Новый мир, 2007 № 05 (Журнал «Новый мир») - страница 179

Правда, это совершенно не значит, что герой не мог заблуждаться. Кто относительно самого себя не заблуждается? Что касается Улицкой, то, поскольку роман уже написан и пустился в автономное плавание, ее мнение значит не более, чем мнение любого читателя, который вовсе не обязан с ней соглашаться.

Принести в литературу нечто новое — большая редкость, неимоверная авторская удача. Новое, что принесла в литературу Улицкая, — богословский роман, именно так, хоть имя, конечно, дико. Богословский роман — большая смелость. Призраки тринитарного и литургического богословия, экклезиологии, сотериологии, мариологии, христологии наполняют книгу. Всем нашлось место. Я говорю: призраки, — поскольку в романе нет (с некоторыми оговорками) ни богословской дискуссии, ни богословской рефлексии, но есть выводы, эту рефлексию, безусловно, предполагающие. И есть многочисленные пронизывающие роман обращения к этой теме. Бывали романы филологические, бывали философские — теперь есть и богословский.

Многих ли читателей может это занимать?
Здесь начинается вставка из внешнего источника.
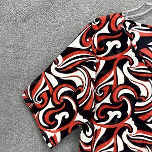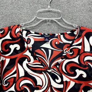 Chaps Top Womens Large Black Red White Short Sleeve Sheer V Neck Blouse

Многие ли озабочены отношением ортодоксии к ортопраксии? Кто будет размышлять над литургией Даниэля, полностью включенной в книгу? Правда, у романа несколько уровней, так что и читатели без богословского интереса свое находят.

Улицкая написала многоголосный роман со множеством разнообразных историй, судеб, драм, с духовными исканиями и провалами, с персонажами и ситуациями во многом новыми и даже диковинными для русской литературы. Она создала в нем поле открытости, терпимости и милосердия и в то же время возможности морального выбора и высокой моральной требовательности, лишенной даже тени морализаторства.

Она создала образ положительно прекрасного человека, столь взыскуемый русской литературой. Задача неимоверной сложности. Причем человека высокой социальной активности, что еще больше усложняет задачу. Не идиота. А впрочем, и идиота, конечно, с прямыми отсылками к Достоевскому (присутствующему в романе не только в этой точке). “Я думаю, он помешался немного”, “Конечно, сумасшедший <...>. У него что-то сместилось в голове <...> в голове у него чистое безумие” — персонажные реплики. И если одна из них принадлежит человеку достаточно простодушному, то другая — женщине с сильным и жестким умом. Смотрели с разных сторон — увидели одно и то же.

Но только Даниэль живет не во внешнем комфорте, не на ренту и действует не в петербургских гостиных. Его очевидное многим безумие, или, если помягче сказать, неадекватность, постоянно проверяется прямой опасностью для жизни, социальной и моральной ответственностью в сомнительном блаженстве посетить мир в минуты его крайнего неблагополучия.